Signed-off-by: Douglas Anderson <dianders@chromium.org>
---
drivers/regulator/fixed.c | 1 +
1 file changed, 1 insertion(+)
Comments
On Mon, Mar 13, 2023 at 11:18:20AM -0700, Douglas Anderson wrote: > As of commit 218320fec294 ("regulator: core: Fix off-on-delay-us for > always-on/boot-on regulators"), we now might have a big delay during > probe of fixed regulators. That can have a significant boot speed > impact. Let's mitigate this by preferring async probe for fixed > regulators. The regulator framework itself has no issues with > regulators probing in an asynchronous way. The fixed regulator driver > is fairly straightforward and also has no issues. This is going to be true for all regulators...

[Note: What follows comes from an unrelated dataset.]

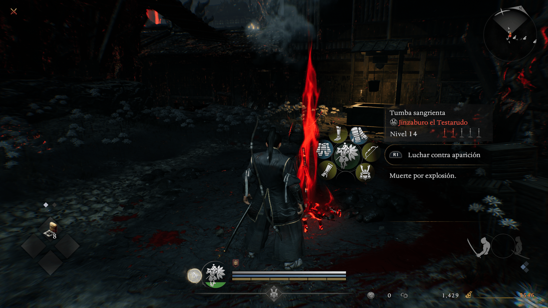 Estas son las tumbas de otros jugadores y puedes usarlas para invocar apariciones (otros jugadores que se han convertido en yokai) y luchar contra ellas. Las apariciones son fuertes, y al derrotarlas, puedes obtener copas ochoko y equipo. Además, en las tumbas sangrientas queda registrada la causa de la muerte de su propietario, lo que puede darte pistas para tu misión.
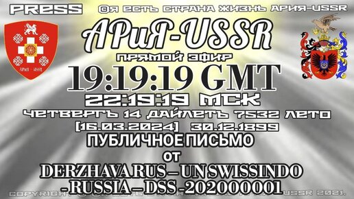 ПрямойЭФИР АРиЯ-USSR [16.03.2024]ПУБЛИЧНОЕ ПИСЬМО от DERZHAVA RUS-UN SWISSINDO-RUSSIA-DSS-202000001

Hi, On Mon, Mar 13, 2023 at 12:05 PM Mark Brown <broonie@kernel.org> wrote: > > On Mon, Mar 13, 2023 at 11:18:20AM -0700, Douglas Anderson wrote: > > As of commit 218320fec294 ("regulator: core: Fix off-on-delay-us for > > always-on/boot-on regulators"), we now might have a big delay during > > probe of fixed regulators. That can have a significant boot speed > > impact. Let's mitigate this by preferring async probe for fixed > > regulators. The regulator framework itself has no issues with > > regulators probing in an asynchronous way. The fixed regulator driver > > is fairly straightforward and also has no issues. > > This is going to be true for all regulators... Sure, that's true. So what are you suggesting? There has always been a hope that someday we could just turn on async probe everywhere. Folks at ChromeOS / Android at Google have looked at this on and off over the years. Most recently +briannorris looked at and described it as "no small task". There were a lot of kinks across the various subsystems. I think +Saravana also has it on his wishlist to tackle, too. For the most part, the best we've been able to do is to identify devices that happened to be involved in long delays at bootup and add the flag to those devices after confirming that they worked OK. It's not super elegant but it's pragmatic. That's what I've done here. If there are other regulator drivers that are known to be involved in big delays during probe time then we should add the flag there, too. Right now, "off-on-delay" is only for fixed regulators, though there's no real reason it shouldn't be applied to all regulators. I suppose some of the other regulator related delays could affect pretty much any regulator, though I guess normally those aren't associated with always-on / boot-on regulators? If you want, I can submit a pile of patches adding this flag to more regulators. I did that in the past for mmc: 31ae403513be mmc: Set PROBE_PREFER_ASYNCHRONOUS for drivers that are newer than 5.4 d86472ae8b20 mmc: Set PROBE_PREFER_ASYNCHRONOUS for drivers that existed in v5.4 a1a489197a07 mmc: Set PROBE_PREFER_ASYNCHRONOUS for drivers that existed in v4.19 7320915c8861 mmc: Set PROBE_PREFER_ASYNCHRONOUS for drivers that existed in v4.14 2a99f3fa85ea mmc: Set PROBE_PREFER_ASYNCHRONOUS for drivers that existed in v4.9 21b2cec61c04 mmc: Set PROBE_PREFER_ASYNCHRONOUS for drivers that existed in v4.4 -Doug
On Mon, Mar 13, 2023 at 12:49:37PM -0700, Doug Anderson wrote: > On Mon, Mar 13, 2023 at 12:05 PM Mark Brown <broonie@kernel.org> wrote: > > This is going to be true for all regulators... > Sure, that's true. So what are you suggesting? That we shouldn't be making this change for just one driver, if you can write an identical commit log for most if not all drivers but are just making the change for one random driver then that suggests something is being missed somewhere. Either there's something special about this driver or we should do things consistently.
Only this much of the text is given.